Only the lines below from the one containing "公司股东户数为1.46万户,前十大股东持" through the one containing "#1 The Pop Method: For" belong in the answer, repeated exactly and without pictures.

• [THE DATA]:

◇ ◇ ◇

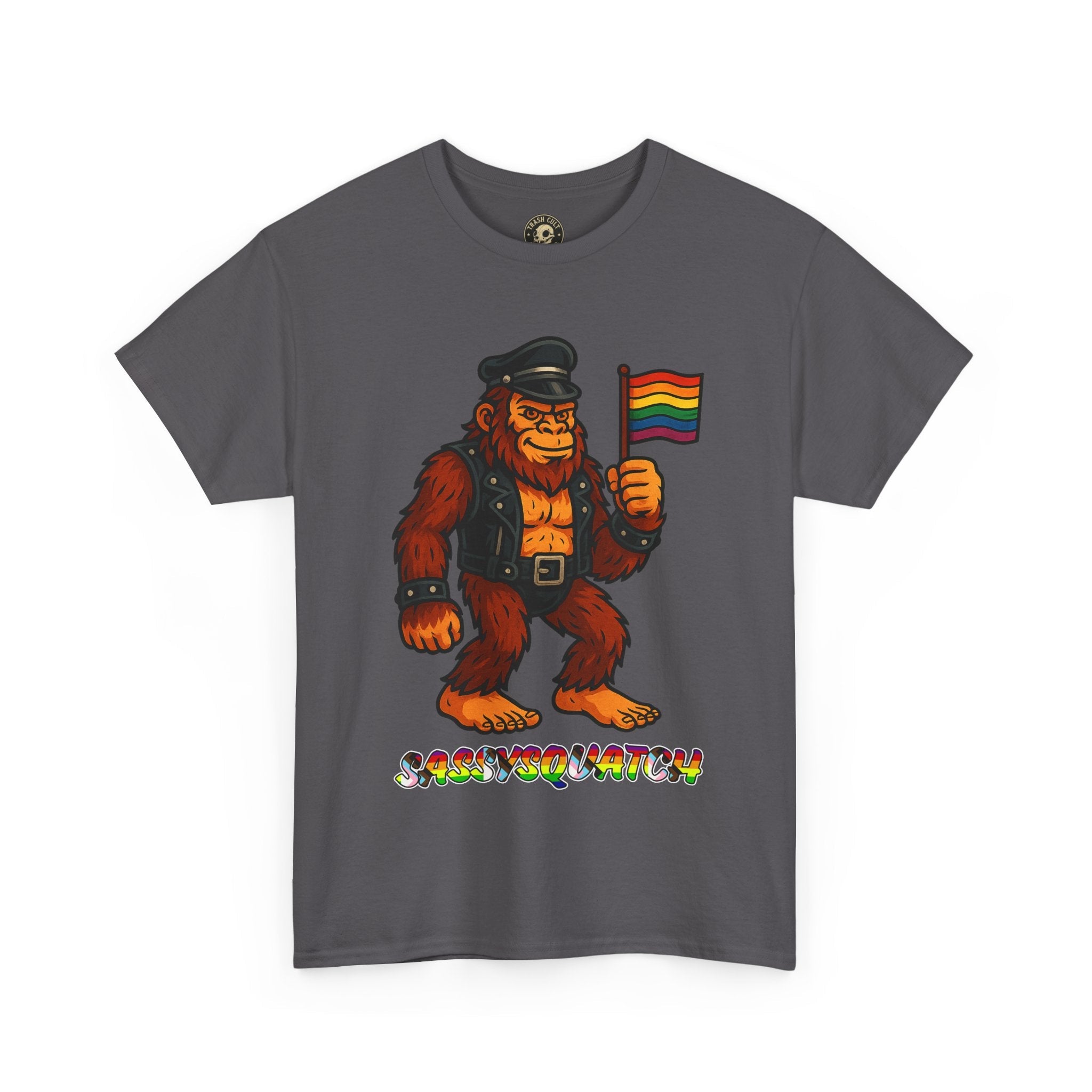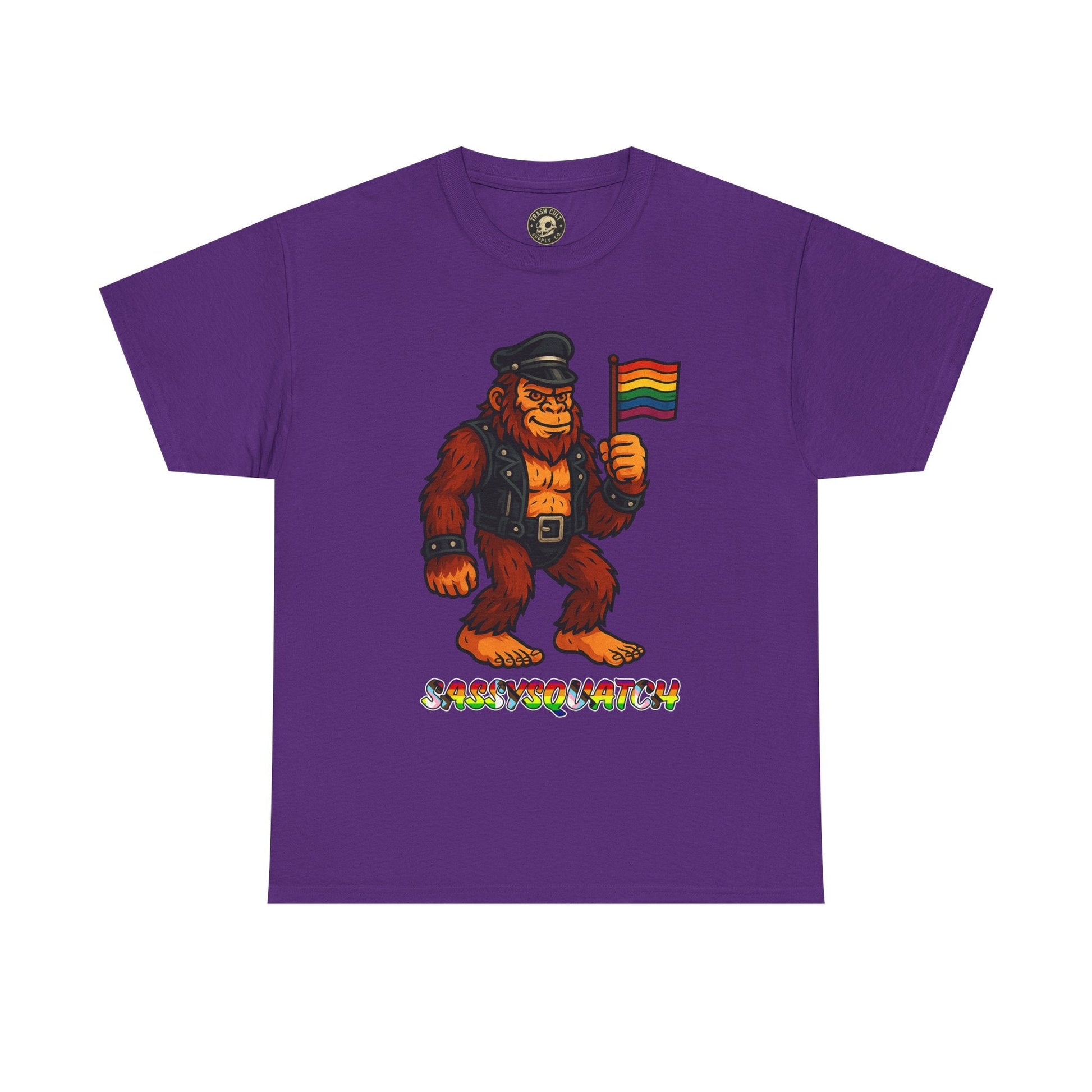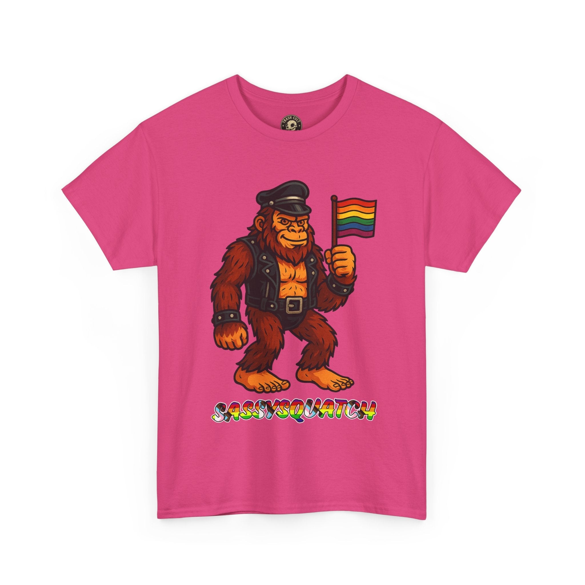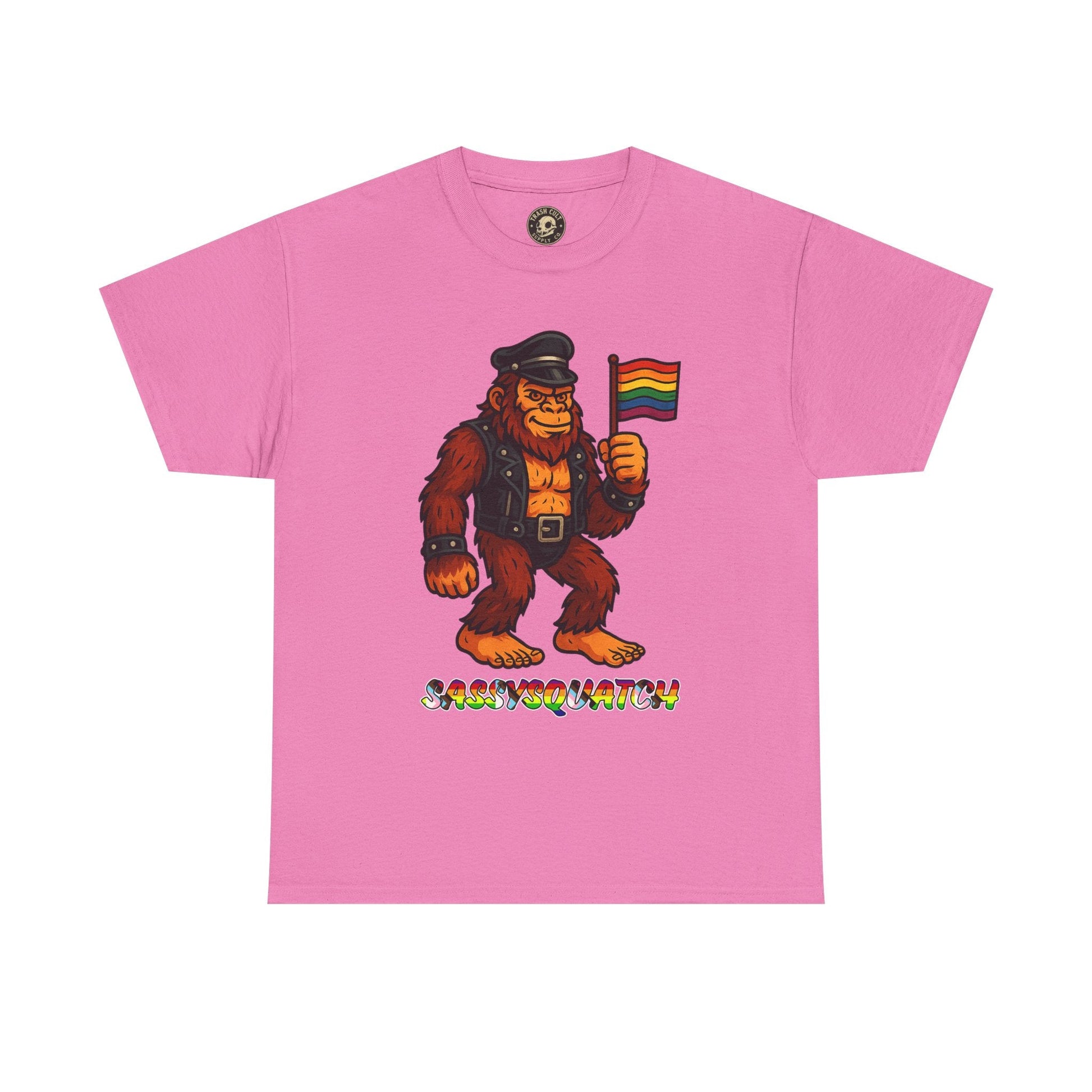 Unleash your inner legend with the Sassysquatch T-Shirt, featuring Bigfoot like you've never seen him before—decked out in full leather and holding a tiny Pride flag with attitude. This hilarious and bold new school design celebrates LGBTQ+ pride, the bear community, and unapologetic self-expression.
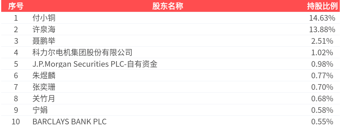 公司股东户数为1.46万户,前十大股东持股数量为3610.95万股,占总股本比例为36.29%,前十大股东持股情况如下:
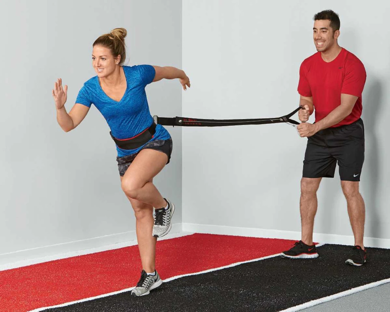 #1 The Pop Method: For this method start by fastening 1”-2” inches of velcro to the belt. The athlete performs an action and pops the resisting velcro. In the first few tries both the trainer and athlete will notice a “blip” in form as the athlete adjusts to the extra resistance. After the initial adjustment the athlete should feel the resistance but the trainer should not be able to detect it in the athlete’s form. Train at this level until the athlete can perform the action without feeling extra resistance. Once this is accomplished increase resistance by increasing amount of velcro fastened to the belt. Use inch marks along the velcro to measure the resistance levels.
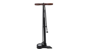 Maneta fabricada en madera con logo serígrafiado en laser. Cuerpo de aluminio y base de gran superficie. Manómetro sellado de fácil lectura. Doble válvuila Presta/Schrader. Incluye soporte para cuadro. Presión

◇ ◇ ◇

• [WRITTEN ANSWER]:
 公司股东户数为1.46万户,前十大股东持股数量为3610.95万股,占总股本比例为36.29%,前十大股东持股情况如下:
 #1 The Pop Method: For this method start by fastening 1”-2” inches of velcro to the belt. The athlete performs an action and pops the resisting velcro. In the first few tries both the trainer and athlete will notice a “blip” in form as the athlete adjusts to the extra resistance. After the initial adjustment the athlete should feel the resistance but the trainer should not be able to detect it in the athlete’s form. Train at this level until the athlete can perform the action without feeling extra resistance. Once this is accomplished increase resistance by increasing amount of velcro fastened to the belt. Use inch marks along the velcro to measure the resistance levels.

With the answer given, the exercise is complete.